A partir de una altura crítica de unos 150 kilómetros, la resistencia que encuentra el aparato es considerable y cae casi como una piedra. Como el Uars da una vuelta a la Tierra cada hora y media, un margen de una hora en la predicción varía radicalmente la zona de caída.

El otro factor que dificulta los cálculos de caída es la superficie que el satélite expone a la resistencia de la atmósfera: si va atravesado, exponiendo sus diez metros largos de longitud, la resistencia será mayor y caerá antes que si va en línea, presentando un área frontal de 4,5 metros de diámetro. Esta es la primera vez en 32 años que la Nasa debe enfrentar una situación como ésta.

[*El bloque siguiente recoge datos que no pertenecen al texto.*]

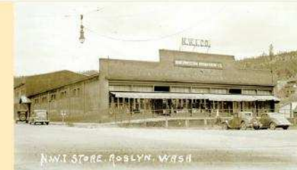
"Northwestern Improvement Company Store" (1935).

No es ni mucho menos la primera vez que caen artefactos espaciales a la Tierra, pero lo correcto es tomar medidas para poder controlar su reentrada, como se hizo, por ejemplo, con la estación espacial rusa Mir, en 2001, que fue dirigida al Pacífico para evitar el riesgo de impacto en zonas habitadas, además de avisar a las autoridades aéreas y marítimas.

El Uars, que fue una misión de enorme éxito que duró varios años más de lo previsto, se utilizó hasta que dejó de funcionar, por lo que no dejó posibilidad de maniobra.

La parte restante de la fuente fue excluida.